═══ Information shown
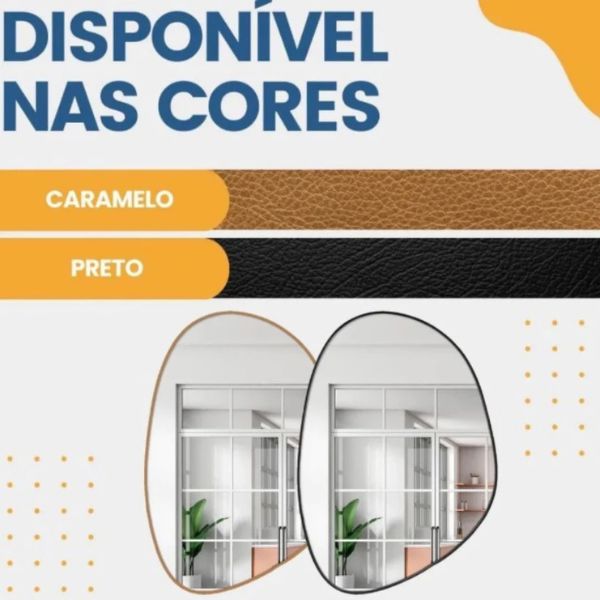 Design exclusivo, estética moderna, este espelho não é apenas um objeto funcional, mas também uma peça de arte decorativa. Acabamento em couro ecológico reforça o compromisso com a sustentabilidade e adiciona uma textura rica e um visual sofisticado.
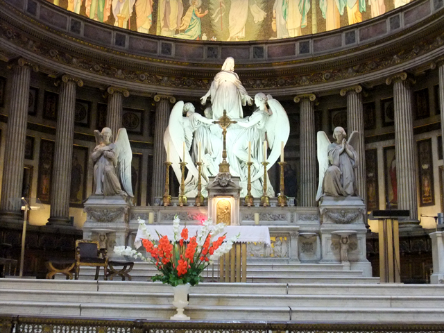 教堂大門框格內有一幅幅關於聖經故事的浮雕,以此開啟了這個神聖空間,廳內兩側似欲與建築外觀呼應,是一長列以希臘三角楣為頂的凹弧龕室,置放耶穌及眾先知的塑像。中央祭壇的瑪德蓮則由多位帶翼天使護擁,在柔光投映暈染下,衣襟飄然,緩緩升天。視線接續往上,圓穹頂的天蓬畫描繪許多跪伏主教聖者,似正聆聽當中基督的教誨。坐在位席上,看著這相對少人拜訪的教堂,這份寧靜不需繁複裝飾,卻也透顯出一種聖潔的氛圍,
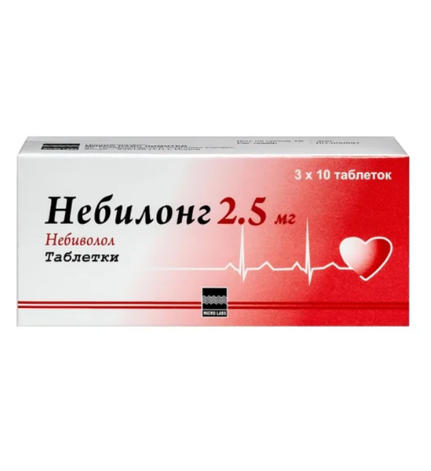 Активное вещество: Небиволол гидрохлорид 2,78 мг эквивалентного Небиволола 2,5 мг
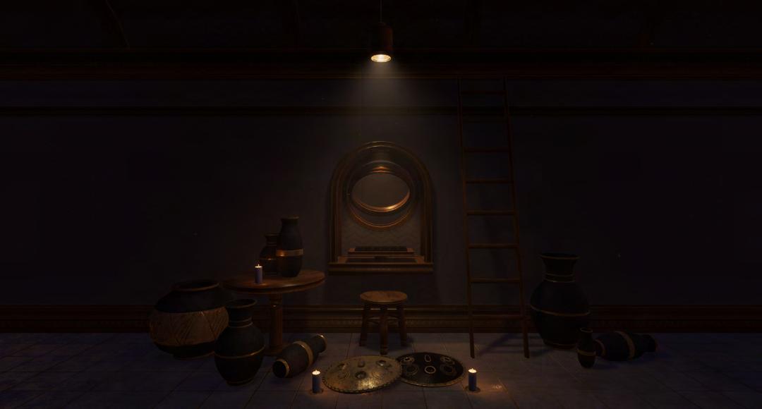 The main menu screen when you open up the game. The backdrop of the menu is rendered in real time, with a subtle dust particle animation.
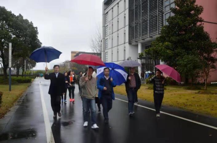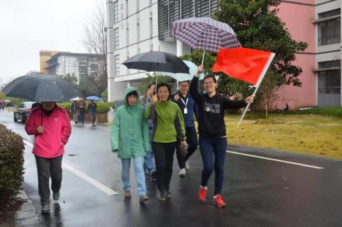 本次健步走路线从学院门口集合点出发,沿着校园环路,再到学院门口,视为完成行程。活动伊始,老师们在学院楼门前拍了集体照。之后,健身走活动正式开始。虽然天空下着小雨,却给这次活动增添了些许诗意,红的,黄的,绿的,五彩斑斓的雨伞,伴随着老师们一个个矫健的身姿,为冬意渐浓的校园增添了五彩缤纷的活力。一路上,老师们一边大踏步地走,一边开心地交流。当回到学院门口时,每个人都感觉浑身热乎乎的。
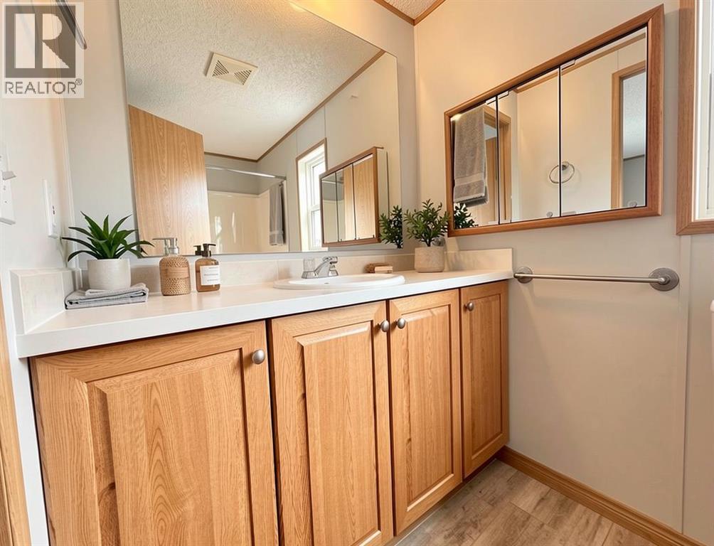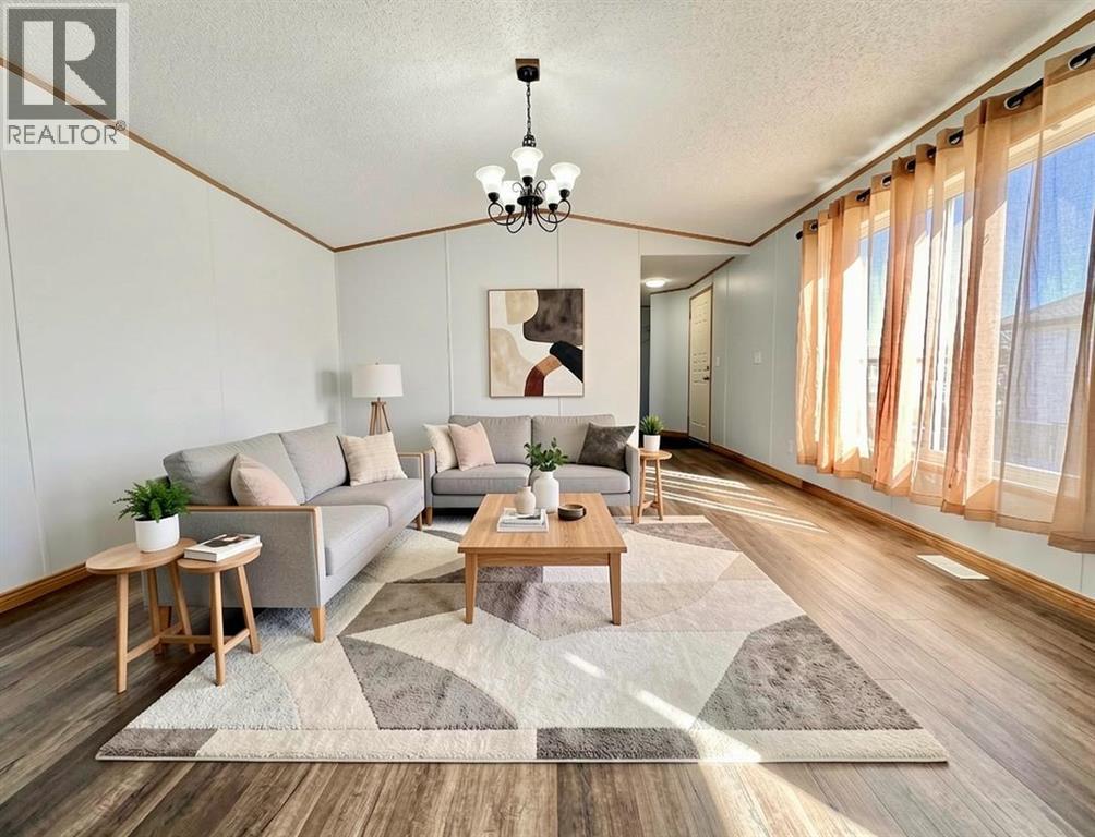 Fresh updates and move in ready convenience make this 2003 modular home in Duchess a great opportunity for buyers looking for affordable, low maintenance living.Step inside to a bright open concept layout where recent renovations have given the home a modern refresh. New vinyl plank flooring runs throughout the entire home, complemented by fresh paint, new baseboards, and several updated light fixtures that create a clean, contemporary feel.The functional floor plan includes 3 bedrooms and 2 full bathrooms, providing comfortable space for families, roommates, or those needing a home office. The primary bedroom features a walk-in closet and private 4pce ensuite, offering a quiet retreat at the end of the day. Both bathrooms will also have new windows installed prior to possession, adding extra value and peace of mind.The kitchen flows nicely into the living and dining areas and comes equipped with a walk-in pantry, refrigerator, stove and dishwasher. Steps away is the laundry area housing the front-load washer and dryer with room for your future deep freeze.Additional features include a hot water tank replaced in May 2018, new chimney installed, an off-street gravel parking pad, and a storage shed for tools and seasonal items.Situated on rented land with lot fees of $350 per month, this property offers an affordable option in a friendly community setting.Ready for quick possession, this updated home is the one you’ve been waiting for. (id:63190)
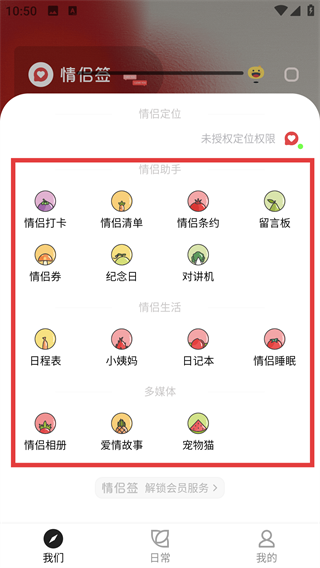1、在【我们】界面,可使用【情侣打卡】、【情侣清单】等功能,开启甜蜜情侣生活呢。
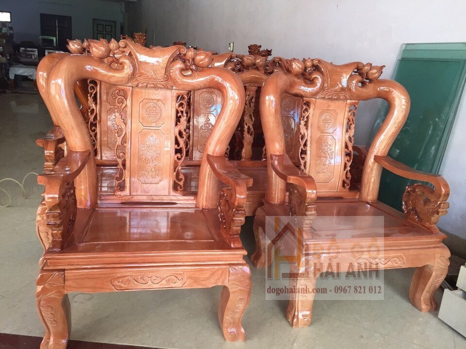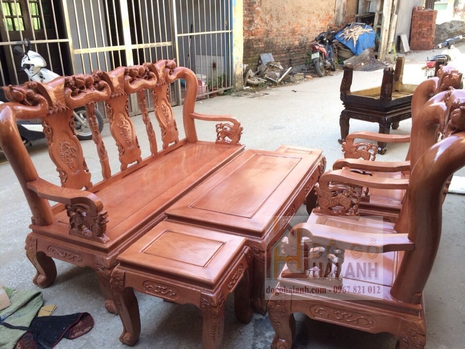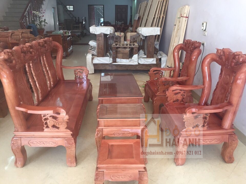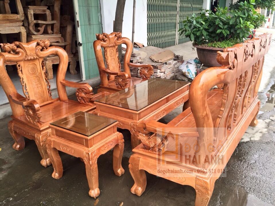 Bàn ghế phòng khách gỗ hương vàng cao cấp
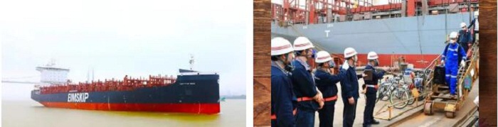 ?? H5647船是2150TEU(標準集裝箱)系列船的第三艘,總長179.4米,型寬30.95米,型深17.4米,滿載2150箱,設計吃水9米;配置了廢氣再循環(EGR)系統和脫硫系統,可降低硫氮化合物的排放,滿足國際海事組織(IMO)Tier III 排放要求,是一艘綠色、環保的船舶。
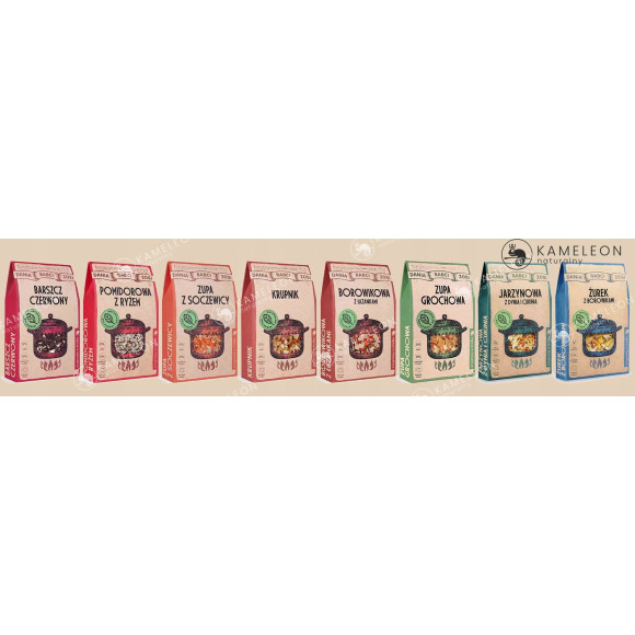 kasza bulgur (z PSZENICY durum) 67%, soczewica czerwona 10%, pomidor suszony 5,5%, soczewica zielona 5%, cebula prażona (cebula, olej słonecznikowy), płatki drożdżowe, cukinia suszona 2%, warzywa suszone (marchew, pasternak, SELER, pietruszka, lubczyk)sól morska, czosnek, kmin rzymski, pieprz cayenne, tymianek, bazylia, pieprz czarny.
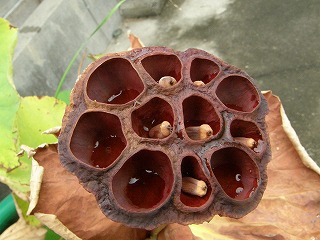 【左】ハスの果実を観察 【右】ハスの名前は果実がハチの巣に似るから
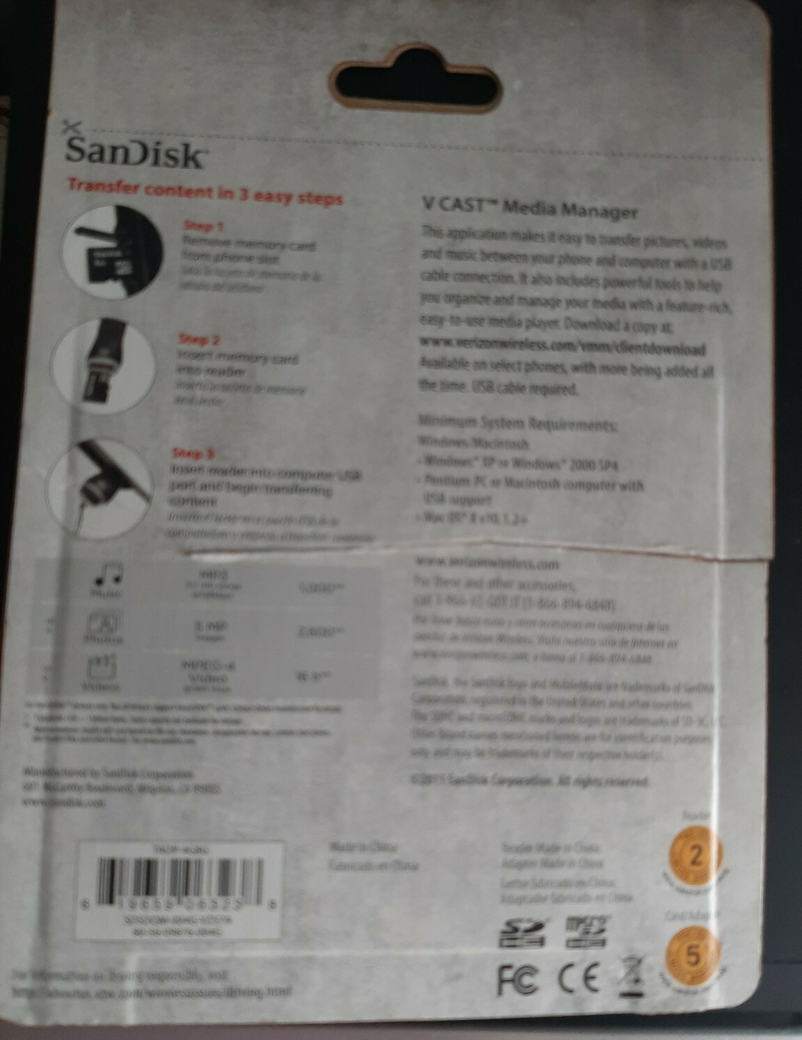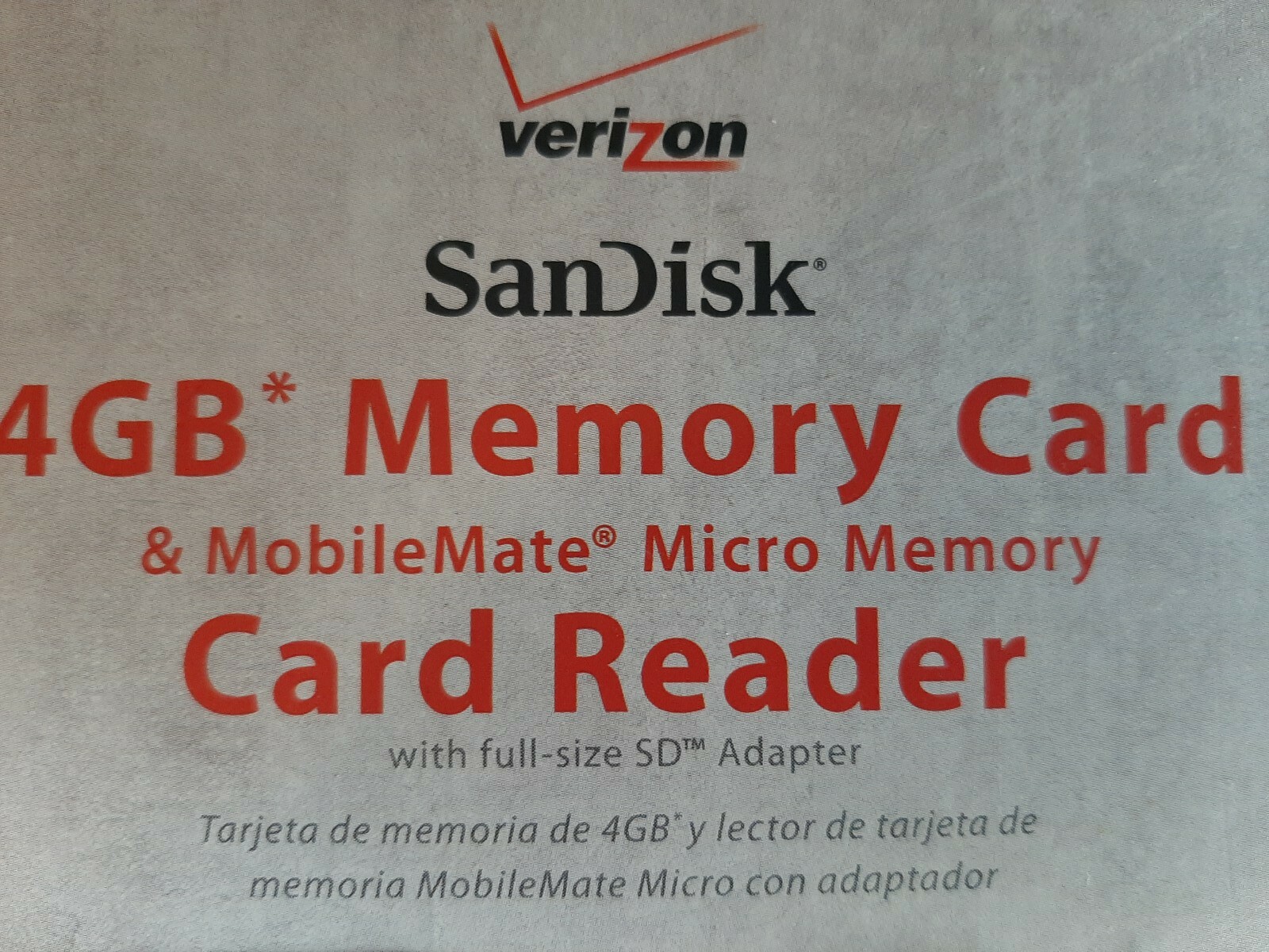 как выглядит Verizon SanDisk 4GB Memory Card Card Reader NEW in pkg Transfer Photos Music фото
══════
_Task instructions_. Find the line with "教堂大門框格內有一幅幅關於聖" in the data above, and from there retype each line exactly through the line with "Активное вещество: Небиволол", skipping the pictures along the way.

_Task response_.
 教堂大門框格內有一幅幅關於聖經故事的浮雕,以此開啟了這個神聖空間,廳內兩側似欲與建築外觀呼應,是一長列以希臘三角楣為頂的凹弧龕室,置放耶穌及眾先知的塑像。中央祭壇的瑪德蓮則由多位帶翼天使護擁,在柔光投映暈染下,衣襟飄然,緩緩升天。視線接續往上,圓穹頂的天蓬畫描繪許多跪伏主教聖者,似正聆聽當中基督的教誨。坐在位席上,看著這相對少人拜訪的教堂,這份寧靜不需繁複裝飾,卻也透顯出一種聖潔的氛圍,
 Активное вещество: Небиволол гидрохлорид 2,78 мг эквивалентного Небиволола 2,5 мг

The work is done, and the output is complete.